View Single Post
 
Old Sep 21, 2011, 04:20 PM
recoverydefender's Avatar
recoverydefender recoverydefender is offline
Junior Member
 
Member Since: Feb 2010
Location: Ohio
Posts: 6
I am usually not one for discussing my marriage online, but in many ways I feel like there is a loss of how to heal it. Let me start by saying I genuinely love, honor, and cherish my husband. I have been committed 100%. Now I am no angel. I have been in recovery from drug addiction for six years. I have been through allot in my life and have been very honest about it with my husband. I tried to scare him away when we met because I never had been genuinely loved before, it was strange for me. We are opposites in ways and the same in others- but our upbringings were like night and day. He came from a very loving home, like The Brady Bunch and I came from a life I would much rather forget(even though we know that doesn't happen.) It felt like Prince Charming had saved Cinderella from her evil family and we would live happily ever after.
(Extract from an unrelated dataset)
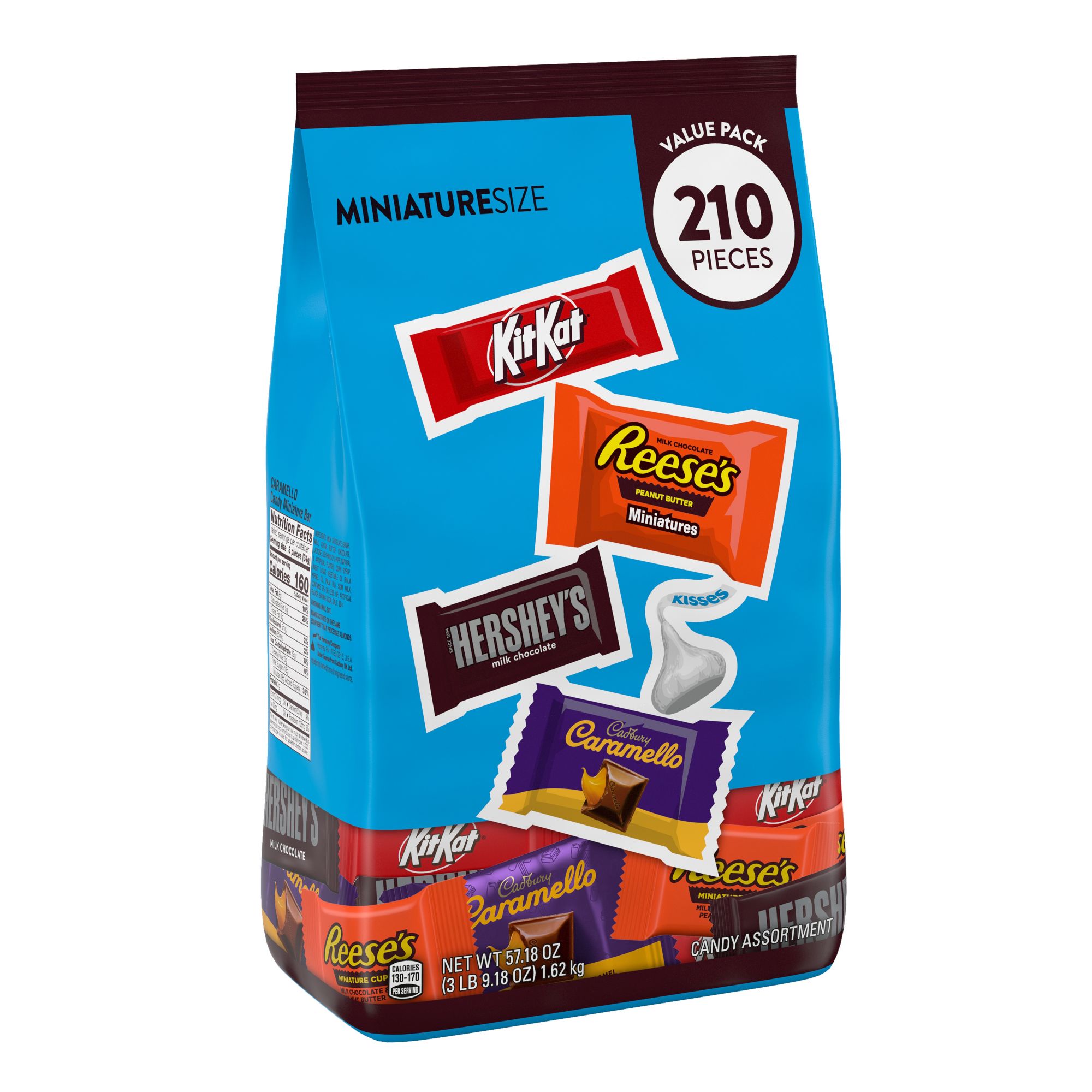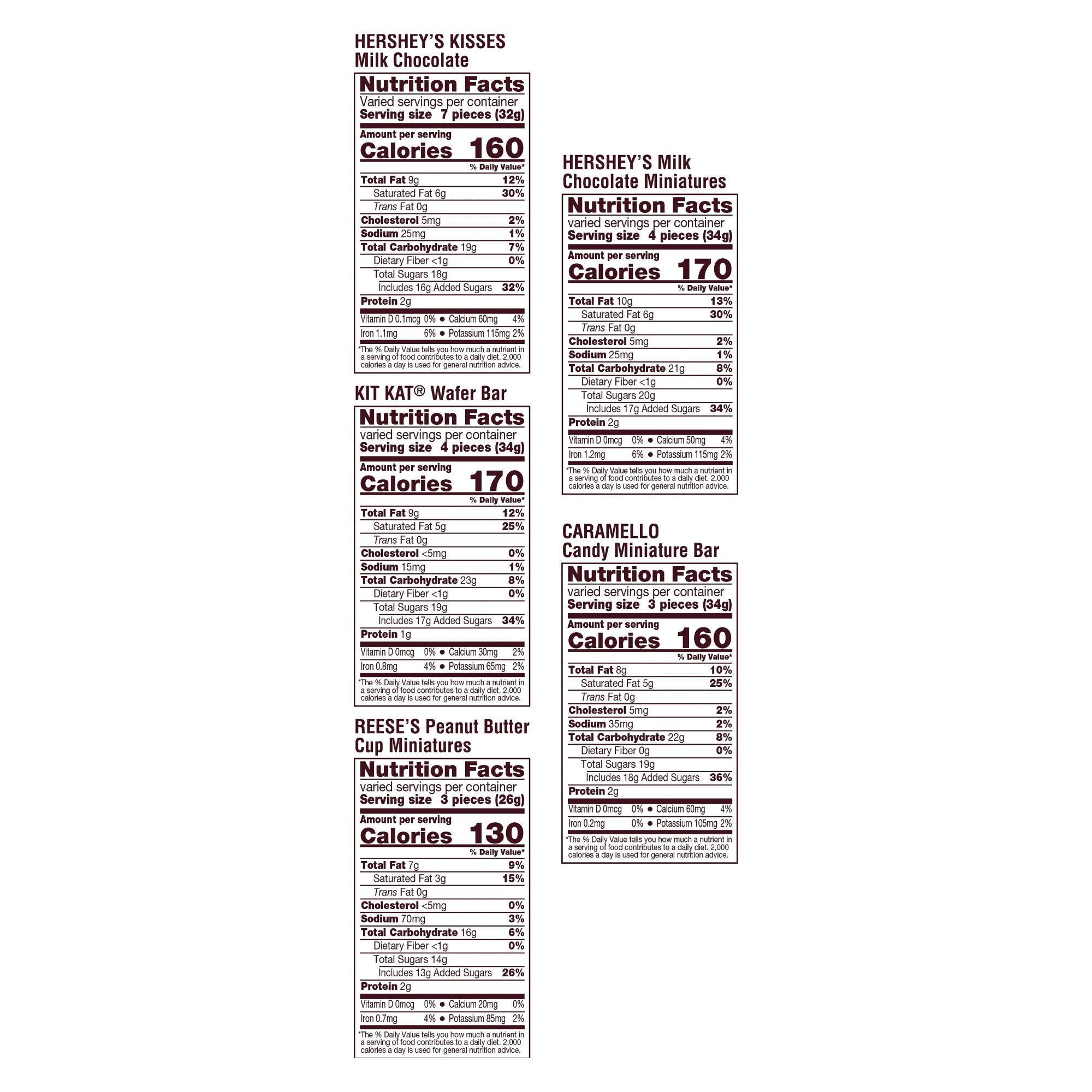 Includes Kit Kat milk chocolate wafer candy, Reese's milk chocolate peanut butter cups, Hershey's milk chocolate candy bars, Hershey's Kisses milk chocolate & Cadbury Caramello milk chocolate caramel candy bars

It's been three years since we married and about a year ago I came across some photos that I simply could not believe. I do not want to get into the details, but these pictures of my husband were really painful to see. Basically the photos told me that my husband had a secret fetish and the craziest part of all of this is that I would have accepted it had I known. I toned my "wild side" down to be the wife I thought he wanted.I thought he was too embarrassed to admit his tastes, but I had to talk to him about it because he was sharing this part of his life with strangers online and through IM's. Is that considered cheating?? In a way I thought it was very deceptive and unfair to our relationship. We talked about it, cried, hugged and he gave me the impression that he would not talk online anymore. I love him so much that I actually feel bad for bringing it up, he is the greatest man I have ever known and provides a wonderful life for my daughter and I.
I may have been purposely naive thinking it was a behavior that could just stop forever. Months went by and things were OK, but our sex life took a steady nosedive. I think I was angry inside and he was just "void" about things. Then one day I came down the steps and he fumbled with his IPod real nervous like. I got a bad feeling, and when he went to the store I looked at the device. Lo and behold, there was a mess of IM's and emails between my husband and others discussing sexually explicit events. Now I was furious. When he came home I told him I do not know what to do about this anymore. He looked like he was busted and there was no way out of it. I asked, WHY? When did this begin? He said it is an addiction, starting when the internet became a regular thing for people. I asked him how he would feel if I started an online relationship with another man? Is that OK? He then realized how I was feeling. I told him I need time to understand how I feel because I firmly believe that when there are issues- you take a step back and consider the situation with care. I am really unhappy since this happened, but I just didn't know what to do. I turned to my addiction by taking too many ambien for three days straight. Ambien puts you in a heavy emotionless cloud, but you behave like an idiot. Its like being really drunk. The last day of this behavior, my husband sat down next to me and asked me why I was doing this? I broke down sobbing and told him it was the only way I knew how to deal with being angry at him. He felt really awful, he knows what he did really hurt me- but cannot erase that pain.
This was a long post I know, but I needed to get it out. I have not told anyone about what happened- I couldn't. I do not trust anyone enough to share this. Part of me feels like we are headed for an end. I don't want that and neither does he- but how do we repair what is broken? I spoke with my counselor after the first incident and she thought I should really try to let it go and be happy. I just don't know, where do we go from here?